The instructions in the case were certainly as favorable as appellants were entitled to have. For the plaintiff the court told the jury that if appellee’s deeds covered the lands (describing them) and Southgate placed a tenant on the land with the intention of taking possession of the whole, and this possession was continued for fifteen years prior to the entry of the appellants or those under whom they claim, the law was for the plaintiff. The appellee having shown a paper title and the possession by a tenant, if the appellant *59entered on this possession he acquired no title, unless he had entered and enclosed the land for fifteen years as his own, then to the extent of the enclosure the appellant could not recover.

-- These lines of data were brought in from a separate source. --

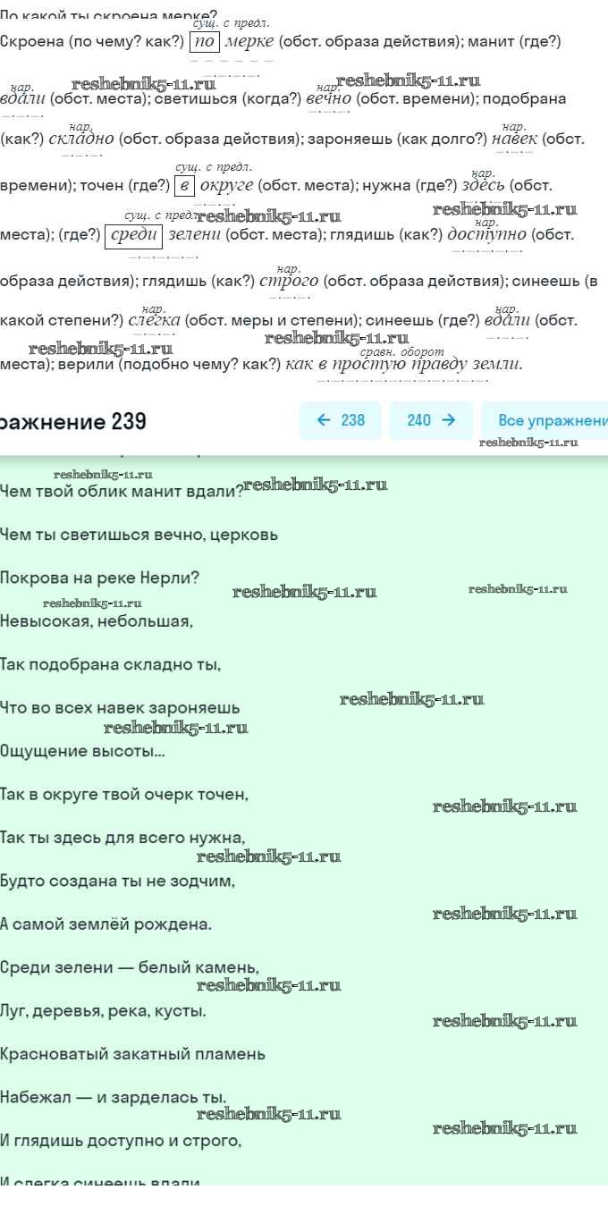 Готовая домашняя работа с ответами по Русскому языку за 8 класс Рыбченкова, Александрова, Загоровская, Нарушевич Учебник УМК Просвещение 2015 ФГОС - Упражнения 239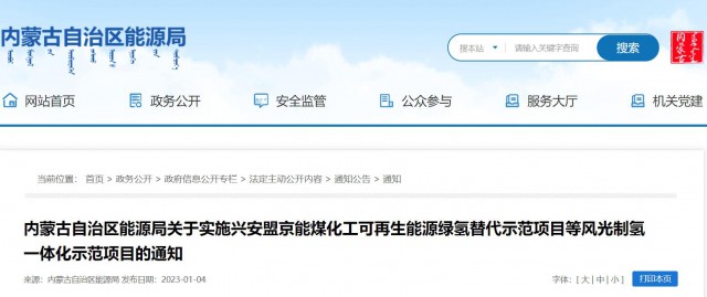 1月4日,內(nèi)蒙古能源局官網(wǎng)發(fā)布“內(nèi)蒙古自治區(qū)能源局關(guān)于實施興安盟京能煤化工可再生能源綠氫替代示范項目等風光制氫一體化示范項目的通知”。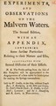 A treatise on the nature, properties, and medicinal uses of the waters of Pyrmont, Spa, and Seltzers : Also of the Malvern waters, from Dr. Wall's observations. Being a proper supplement to Dr. Russel's [sic] Dissertation on the use of sea water, &c.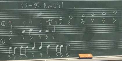 先生が黒板に書いた音階を吹いていました。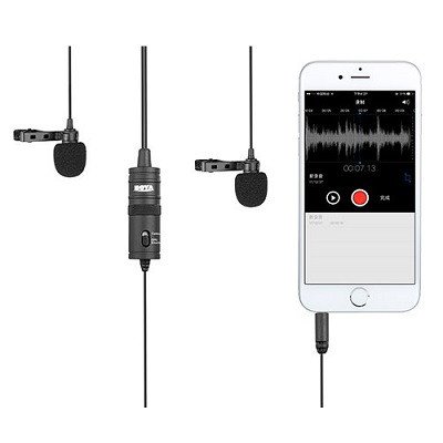 The BOYA M1DM Dual Clip Microphone is perfect for interviews and other recordings. This clip-on lapel microphone features an omnidirectional condenser microphone for superior sound quality, and it’s compatible with a variety of audio/video recording devices.

The mere entry into woodland and cutting timber by one without title will not amount to an adverse possession against one who is in possession under a title and claiming to his boundary, and among the entire body of land the entry into one of the tracts with the purpose of taking possession of the whole was in fact the actual occupancy of the whole.
For the defendant the jury was told that, if Bradford entered upon the land prior to January, 1858, and took possession as his own and continued to hold it in that manner up to the bringing of the action, the judgment must be for him; and by another instruction the jury was told if there was no entry on the forty-four-acre tract, the land in dispute, they must find for the defendant, although there was an entry on the one hundred-acre tract.
The conveyance by Daniel to Southgate of the one hundred-acre tract and the forty-four-acre tract was made in the year 1828, and it is certain that Southgate had tenants on this land prior to 1858 and prior to that time. Gelton says he has known the Peter Daniel place since he was nine years old, and was seventy-five when his deposition was taken, and that it had been occupied generally ever since, and don’t remember ever to have seen it without an occupant. Carson was on the land as tenant of Southgate in 1855. Grant was agent of Southgate in 1852 and there was then a tenant on the land by the name of Black, holding under Southgate, whom he turned out for his failure to pay rent and then placed another tenant in possession. Southgate.then had a title and was in possession, and an entry into the unenclosed part of the land by Bradley gave him no possession adverse to Southgate; and the title being made in 1828 of both tracts they should have been considered as one, and the possession and occupancy of one part of the boundary the possession of the whole unless the tenant was restricted by his contract. We think the instructions were more favorable for the appellant than they should have been, and the jury determining that the deeds to South-gate covered the land and such being the proof the appellee was entitled to a verdict. The admission of deeds that were not read, or if read failed to embrace the land, did not prejudice appellants’ case, and in fact it was proper that all of the deeds should have been read *60to show the boundary claimed. There is no error in the record to appellants’ prejudice and the judgment is affirmed.
E. W. Hawkins, for appellants. O’Hara & Bryan, for appellee.